A computer components & hardware forum. HardwareBanter

If this is your first visit, be sure to check out the FAQ by clicking the link above. You may have to register before you can post: click the register link above to proceed. To start viewing messages, select the forum that you want to visit from the selection below.

Go Back   Home » HardwareBanter forum » Processors » General
Site Map Home Register Authors List Search Today's Posts Mark Forums Read Web Partners

AMD to leave x86 behind?



 
 
Thread Tools Display Modes
  #31  
Old October 31st 05, 06:04 PM
Jeremy Linton
external usenet poster
 
Posts: n/a
Default AMD to leave x86 behind?



Tim McCaffrey wrote:
Instructions that load/store/copy memory that control how much
cache pollution is done and/or communicate to the bridges and
I/O devices how much data is being loaded/stored could improve
efficiency on the I/O (PCI) and memory busses.

Ahhh.. Maybe you should look at the MTRR's (memory Type range
registers) PAT (Page Attribute Table) and the prefetch and Non-temporal
instructions already provided. I've seen near therotical throughput
numbers both on the memory subsystem and on PCI busses given properly
tuned code. Its not that you can't control such things with the x86 its
just that I haven't seen a compiler generate optimal code.

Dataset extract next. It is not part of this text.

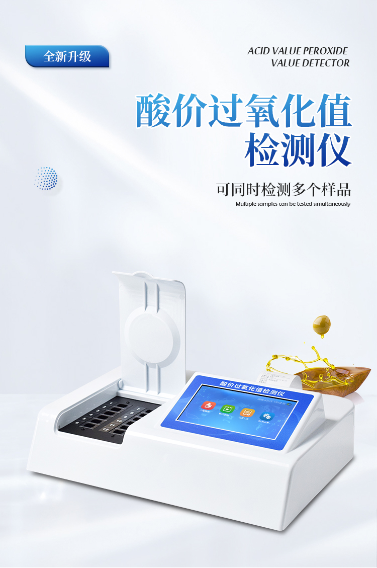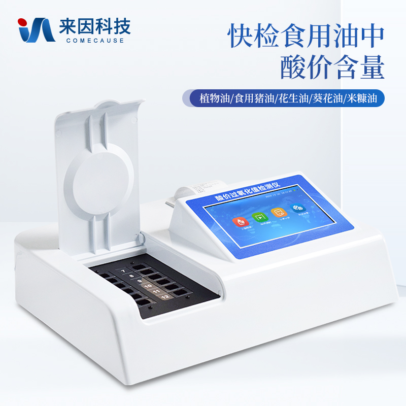 食用油酸价检测仪为集成化油品快速检测分析设备,能够快速检测食用植物油、食用猪油、花生油、葵花油、米糠油、食品、肉制品中的酸价含量;通过检测可确定植物油是否符合国家标准或是否为劣质油、地沟油等。仪器预留其他项目检测程序和端口,根据日后需求可方便的自主增加检测项目。日后可升级为检测水产品、面制品的综合类型仪器。
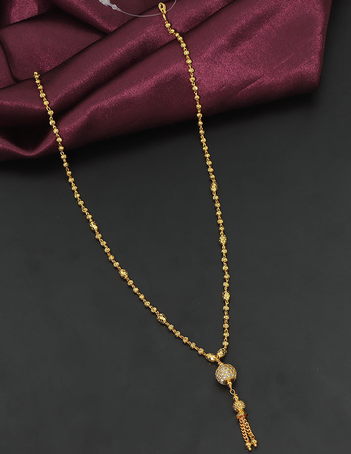 Sleek and sophisticated gold-toned chain with a sparkling ball pendant and delicate tassel drop—perfect for everyday elegance or special occasions.

AMD had a very nice document they wrote a few years ago about how to
get max throughput with memory copy operations, where they compared
diffrent methods and instructions for doing the memory copy. If I
remember correctly in the end they got nearly theoritical bandwidth
numbers by doing a simple loop to preread (with actual register load
instead of prefretch) cache block size reads followed by another loop
accually doing a Non Temporal quadword copy. This reduced the read vs
write bus turnaround times enough to get numbers that were significantly
faster than nearly any other method.

So, its possible, right now given proper code.






  #32  
Old October 31st 05, 08:19 PM
Terje Mathisen
external usenet poster
 
Posts: n/a
Default AMD to leave x86 behind?

Jeremy Linton wrote:
AMD had a very nice document they wrote a few years ago about how to
get max throughput with memory copy operations, where they compared
diffrent methods and instructions for doing the memory copy. If I
remember correctly in the end they got nearly theoritical bandwidth
numbers by doing a simple loop to preread (with actual register load
instead of prefretch) cache block size reads followed by another loop
accually doing a Non Temporal quadword copy. This reduced the read vs
write bus turnaround times enough to get numbers that were significantly
faster than nearly any other method.


Afair, that optimization was in regard to doing a simple set of fp
operations on a block of data, where it turned out that the fastest way
was to move everything three times:

First the max speed pre-read loop, then an operate loop, storing to a
fixed half L1 sized buffer, then finally NT stores to move the result
block to the final destination.

So, its possible, right now given proper code.


Or in this case, quite horribly overcomplicated code. :-(

Terje

--
-
"almost all programming can be viewed as an exercise in caching"
  #33  
Old October 31st 05, 09:23 PM
Scott A Crosby
external usenet poster
 
Posts: n/a
Default AMD to leave x86 behind?

On Mon, 31 Oct 2005 18:04:01 GMT, Jeremy Linton writes:

Ahhh.. Maybe you should look at the MTRR's (memory Type range
registers) PAT (Page Attribute Table) and the prefetch and
Non-temporal instructions already provided. I've seen near
therotical throughput numbers both on the memory subsystem and
on PCI busses given properly tuned code. Its not that you
can't control such things with the x86 its just that I haven't
seen a compiler generate optimal code.

AMD had a very nice document they wrote a few years ago about
how to get max throughput with memory copy operations, where


Would you happen to know the URL? I'd like to read this document.

This reduced the read vs write bus turnaround times enough to
get numbers that were significantly faster than nearly any
other method.


In particular, for this memory turnaround effect you've mentioned?

Scott
  #34  
Old November 1st 05, 06:27 AM
Yousuf Khan
external usenet poster
 
Posts: n/a
Default AMD to leave x86 behind?

David Kanter wrote:
how about some form of SMT for AMD?


I don't know that might come too, but it can't be done as easily as
Hyperthreading. Hyperthreading relied on the Pentium 4's inherent
inefficiency to run a lot of threads simultaneously.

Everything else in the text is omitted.